Wall Street has the opportunity to make some deals. “I am suggesting to U.S. private equity funds and corporations to look at Europe for assets, including real estate,” says Marc Chandler, chief market strategist at Bannockburn Global Forex. Simply put, Europe offers a great place to get more value for money.

There’s more good news: There is little chance of the weakness reversing anytime soon. Chandler sees little chance of the ECB intervening to halt the euro’s drop. “I think there are two chances: slim and none, and slim just left town,” he says.

Two Central Banks: A Story

The euro’s decline is partly down to the different approaches central banks on opposite sides of the Atlantic have taken, and how investors have responded. According to Steve Blitz (chief U.S. economist, macroeconomic research firm TS Lombard), investors can earn higher interest rates on risk-free U.S. dollars deposits than they do on euros-denominated depositors. Three-month Treasury Bills investors get an annualized interest of 2.3%. Blitz anticipates that it will soon jump to 4%. This is compared to the less than zero interest paid for equivalent investments in German euro-denominated savings. “You can make a lot more money with no risk by holding dollars,” he says.

Federal Reserve waged an aggressive war on inflation to reduce the rise in rates. The latest 9.1% was the reason for the higher U.S. rates. Although the Fed is often criticized for slowing down, they have moved much faster and more aggressively than their E.U. counterparts. The European Central Bank (ECB) is its counterpart.

Steve Clayton of Hargreaves Lansdown, U.K.’s head equity funds, said the Fed learnt its lesson during an era of persistent inflation in 1970s. “History tends to show that moving quickly and decisively on monetary matters is the best approach,” he says.

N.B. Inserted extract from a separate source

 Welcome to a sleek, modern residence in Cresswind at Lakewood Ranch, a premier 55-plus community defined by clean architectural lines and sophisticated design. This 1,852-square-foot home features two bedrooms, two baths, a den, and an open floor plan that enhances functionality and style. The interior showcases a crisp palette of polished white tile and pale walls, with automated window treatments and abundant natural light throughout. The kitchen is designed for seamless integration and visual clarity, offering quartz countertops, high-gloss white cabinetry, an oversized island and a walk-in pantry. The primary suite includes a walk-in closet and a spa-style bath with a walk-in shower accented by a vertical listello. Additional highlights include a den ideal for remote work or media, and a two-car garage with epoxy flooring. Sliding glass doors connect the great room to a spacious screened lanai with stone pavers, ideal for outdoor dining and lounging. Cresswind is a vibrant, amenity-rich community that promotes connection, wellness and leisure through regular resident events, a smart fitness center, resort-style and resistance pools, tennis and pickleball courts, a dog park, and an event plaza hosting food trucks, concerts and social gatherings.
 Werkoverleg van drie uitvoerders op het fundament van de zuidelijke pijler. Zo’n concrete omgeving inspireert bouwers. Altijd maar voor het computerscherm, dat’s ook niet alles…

But the ECB wasn’t around in the ‘70s, and there has been no similar period of inflation since the euro was launched a little over two decades ago. In addition, the ECB is generally hesitant to make policy moves that might weaken Europe’s financial sector, Clayton says. That’s why its efforts to raise rates massively lag the Fed’s despite European inflation rates being similar to the U.S. rate.

Recessionary rumors

In any event, a European recession could solve the ECB’s inflation problem, as a shrinking economy also tends to reduce inflation. And some experts see that coming soon because Europe’s economy is far weaker than the U.S. Europe’s been hit much harder with the energy crisis following Russia’s invasion of Ukraine in late February. “We’ve been forecasting a recession in Europe since March,” says Robin Brooks, chief economist at the Institute of International Finance. At least part of the issue is that Germany, the powerhouse behind the E.U.’s economic system, has had its own economy upended.

Brooks says that Germany’s dependence on Russia for cheap energy and materials to produce manufactured goods has been strong for decades. Brooks states this. “That business model is really challenged now,” he says. The key cost input for electricity generation in Europe, natural gas from the EU, has been 10x more expensive than in the U.S. In recent years, Germany remains heavily dependent on Russia to import crude oil.

Also, the falling euro might increase inflation already at an all-time high in eurozone. European businesses will find it more costly to purchase raw materials that are needed for production of goods. Many commodities can be priced in dollars. This will most likely result in higher prices for consumers.

While inflation at more than 9% worries most central bankers, Brooks doesn’t see the ECB raising rates aggressively raising the cost of borrowing money if the economy weakens much more. “If there is a recession, there’s no way the ECB is going to hike rates,” he says.

Brooks predicts that the result will see the euro remain at parity or lower with the dollar. “My bias is that we are headed for a multiyear period of year sub-parity,” he says.